Дородный на ногу быстрый. В первом ряду оказался. Идёт, саблю словно ружьё несёт.

— Да не стрельнет она, не стрельнёт! — смеются бойцы.

— А вдруг стрельнёт, — отвечает Дородный.

И вправду «стрельнула» сабля.

У самого Шунгорова овраг разошёлся на два рукава. Взяли бойцы правее, а Дородный свернул налево. Свернул, пробежал шагов тридцать, поднялся из оврага и вдруг вышел с тыла к артиллерийской батарее белых. Смотрит Дородный — четыре пушки. Смотрят белые — красный боец перед ними. Не ожидали белые удара с тыла. Да и не думали, что вышел на батарею всего лишь один Дородный.

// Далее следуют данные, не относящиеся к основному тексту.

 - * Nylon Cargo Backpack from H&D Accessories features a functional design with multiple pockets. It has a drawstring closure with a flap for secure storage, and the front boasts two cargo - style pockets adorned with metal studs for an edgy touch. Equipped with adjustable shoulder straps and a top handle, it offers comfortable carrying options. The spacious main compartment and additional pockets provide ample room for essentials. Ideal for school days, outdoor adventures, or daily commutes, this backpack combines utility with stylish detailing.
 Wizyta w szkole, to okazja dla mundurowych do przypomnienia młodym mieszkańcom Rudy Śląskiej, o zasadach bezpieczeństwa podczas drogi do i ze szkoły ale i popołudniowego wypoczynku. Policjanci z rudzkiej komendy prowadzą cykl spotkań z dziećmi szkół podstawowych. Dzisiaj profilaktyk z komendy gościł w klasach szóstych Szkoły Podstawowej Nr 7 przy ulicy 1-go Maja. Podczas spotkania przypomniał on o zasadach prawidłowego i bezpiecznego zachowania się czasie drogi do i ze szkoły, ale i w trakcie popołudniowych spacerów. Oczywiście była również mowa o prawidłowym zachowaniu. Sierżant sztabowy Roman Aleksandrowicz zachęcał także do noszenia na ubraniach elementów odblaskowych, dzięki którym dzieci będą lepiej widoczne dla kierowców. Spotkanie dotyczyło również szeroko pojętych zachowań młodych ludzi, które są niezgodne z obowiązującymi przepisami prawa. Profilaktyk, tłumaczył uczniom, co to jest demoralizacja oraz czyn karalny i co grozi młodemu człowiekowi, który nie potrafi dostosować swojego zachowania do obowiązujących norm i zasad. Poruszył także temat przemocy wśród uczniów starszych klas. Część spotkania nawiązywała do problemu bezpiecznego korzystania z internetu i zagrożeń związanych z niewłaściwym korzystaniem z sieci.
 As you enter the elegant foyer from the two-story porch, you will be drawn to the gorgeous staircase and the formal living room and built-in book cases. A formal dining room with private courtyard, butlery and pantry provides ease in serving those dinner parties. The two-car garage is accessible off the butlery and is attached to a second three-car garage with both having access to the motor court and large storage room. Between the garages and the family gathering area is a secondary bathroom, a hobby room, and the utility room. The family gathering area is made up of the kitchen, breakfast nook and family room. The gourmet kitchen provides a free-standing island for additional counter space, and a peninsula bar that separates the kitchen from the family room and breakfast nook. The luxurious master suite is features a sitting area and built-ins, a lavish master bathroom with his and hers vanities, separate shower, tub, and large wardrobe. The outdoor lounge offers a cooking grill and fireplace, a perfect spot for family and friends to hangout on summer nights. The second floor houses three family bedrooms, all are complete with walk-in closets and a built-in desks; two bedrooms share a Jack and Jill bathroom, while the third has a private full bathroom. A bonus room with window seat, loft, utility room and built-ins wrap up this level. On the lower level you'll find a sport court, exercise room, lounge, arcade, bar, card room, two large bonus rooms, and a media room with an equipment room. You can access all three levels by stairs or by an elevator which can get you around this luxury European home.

— Спасайся! — кто-то из белых крикнул.



Бросились белые от батареи. И всё же одного из них успел Дородный достать своей саблей.

Прошла минута, вторая, подбежали к этому месту другие наши бойцы. Смотрят, а батарея уже наша.

Стоит Дородный, на саблю, как на трость, опирается. Выходит, что с одной саблей взял целую батарею.

— Вот так сабля!

— Считай, волшебная!

Доложили по команде: мол, красноармейцы такой-то роты, а точнее, боец Дородный пленил белогвардейскую батарею.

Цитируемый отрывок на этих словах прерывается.